Keiner sagte ein Wort, aber Nathan konnte an vielen verklemmten Mienen ablesen, dass besonders die alte Garde mit dieser Neuregelung nicht einverstanden war.

„Hört sich an, als hätte Abigail viel zu lachen“, meinte Chance leise.

Nathan grinste. „Abigail hat immer viel zu lachen.“

Abigail Langley Price war mit Brad Price verheiratet und das erste weibliche Mitglied des Clubs. Diese Mitgliedschaft hatte sie gegen starken Widerstand, wenn auch mit Nathans Unterstützung, durchgesetzt, und Nathan bewunderte sie dafür noch immer.

„Findest du es merkwürdig, dass wir jetzt schon so viele weibliche Mitglieder haben?“ Fragend sah Chance den Freund an.

„Nein.“ Nathan leerte das Glas und stellte es auf den blank polierten Holztisch. „Im Gegenteil. Ich halte das für total normal.“

„Ich eigentlich auch. Aber Männer wie Beau sind nicht gerade glücklich darüber.“

„Männer wie Beau haben immer was zu meckern. Aber er wird sich schon daran gewöhnen.“ Und ironisch lächelnd fügte Nathan hinzu: „Die Zeiten ändern sich eben.“

„Das kann man wohl sagen. Wenn ich daran denke, worüber wir heute Abend abstimmen müssen.“ Besorgt schüttelte Chance den Kopf.

„Du meinst die Kinderbetreuung?“ Darüber wurde schon seit Tagen geredet. Seit Abigail und andere Frauen Mitglieder des TCC waren, brachten auch sie ihre Vorstellungen und Wünsche ein.

„Ja. Das wird den konservativen Mitgliedern gar nicht gefallen.“

„Fürchte ich auch“, stimmte Nathan ihm zu. „Obwohl so eine Einrichtung für Kinder sinnvoll ist, während die Eltern im Club sind. Wir hätten schon längst daran denken sollen.“

„Vollkommen richtig. Da wird Beau nur leider anderer Meinung sein“, gab Chance zu bedenken.

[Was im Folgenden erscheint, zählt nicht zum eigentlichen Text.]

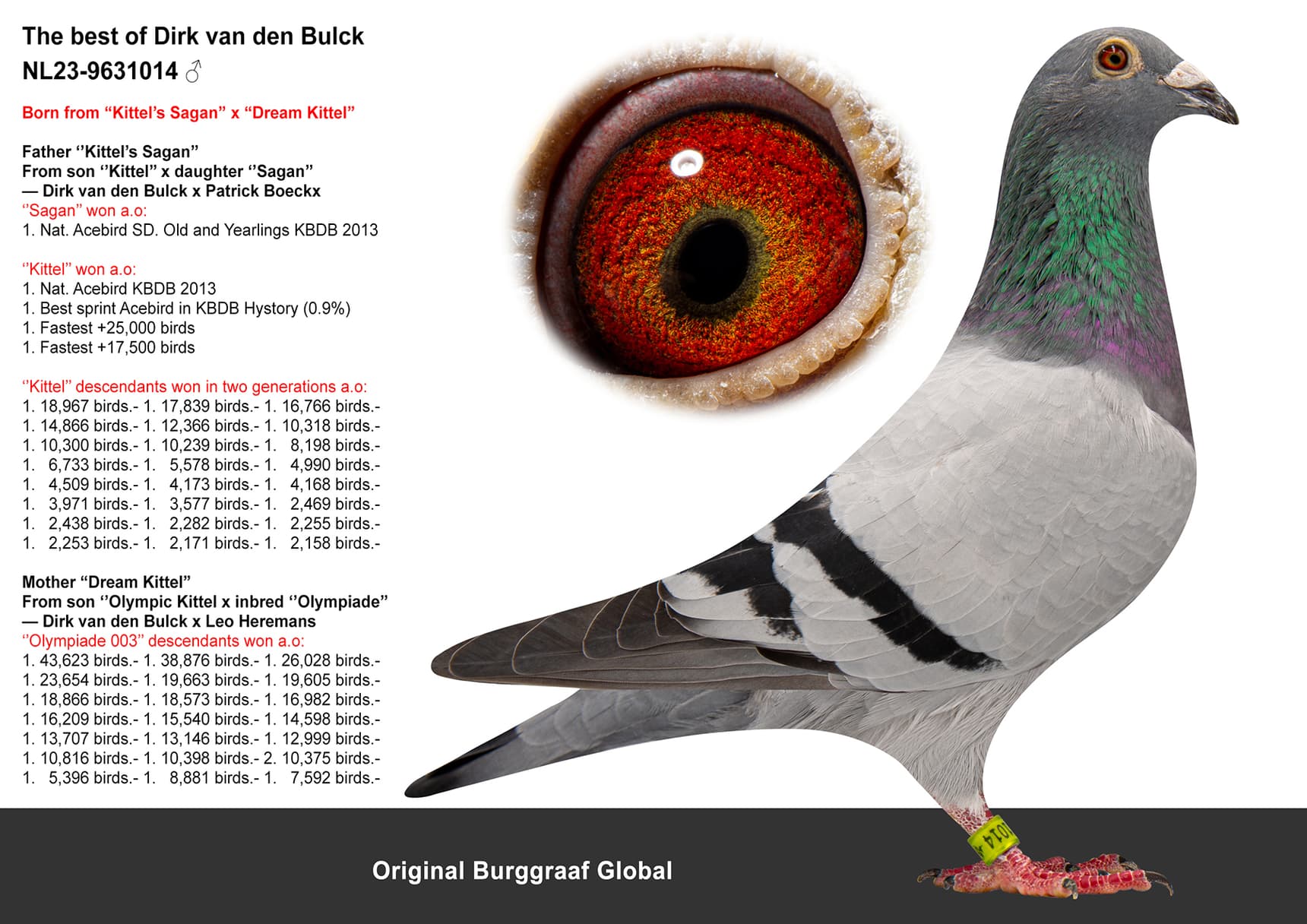Specially from the breeding loft of Burggraaf Global. This pigeon has not been raced!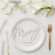 Minimalist Script Merry Cream White Paper Plates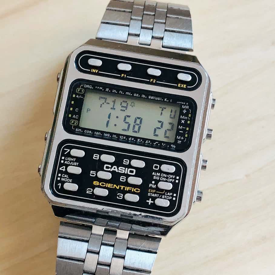 If you look closely you’ll see that this is no ordinary calculator watch. It is a scientific calculator: trigonometry, logarithms, exponents/roots, metric conversions, and more. It does scientific notation. Multiple memories. And more.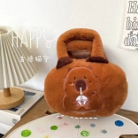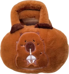 Fabricată din material pluș moale de culoare caldă maro, care îi conferă un caracter confortabil. Fața din față este împodobită cu o broderie a unei capibare care bea o băutură, un motiv simpatic care atrage atenția. Pentru o mai mare siguranță a obiectelor depozitate, geanta este dotată cu un fermoar ce protejează conținutul împotriva căderii accidentale. Mânerul confortabil și moale permite o purtare comodă în mână, iar calitatea înaltă a materialelor utilizate asigură durabilitate și confort pe termen lung.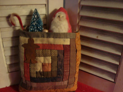 Title (ebay affiliate link): SANTA POCKET FROM ANTIQUE LOG CABIN QUILT ~ PRIMITIVE

„Beau ist immer anderer Meinung.“ Nathan lachte leise. Als Sheriff hatte er häufig mit Beau zu tun, der sich über alles und jeden beschwerte.

„Stimmt.“ In diesem Augenblick schlug die Uhr über dem gewaltigen Kamin, und Chance stand seufzend auf. „Es wird Zeit. Die Versammlung fängt gleich an.“

„Ja, leider.“ Auch Nathan erhob sich. „Ich fürchte, es wird hoch hergehen.“

Und so war es auch. Nach einer Stunde hitziger Diskussionen hatten die Gemüter sich immer noch nicht beruhigt. Beau Hacket hatte sogar Unterstützung für seine steinzeitliche Einstellung gefunden. Sam Gordon, dem zusammen mit seinem Zwillingsbruder Josh das Bauunternehmen Gordon Construction gehörte, wehrte sich genauso hartnäckig wie Beau gegen die geplanten Neuerungen.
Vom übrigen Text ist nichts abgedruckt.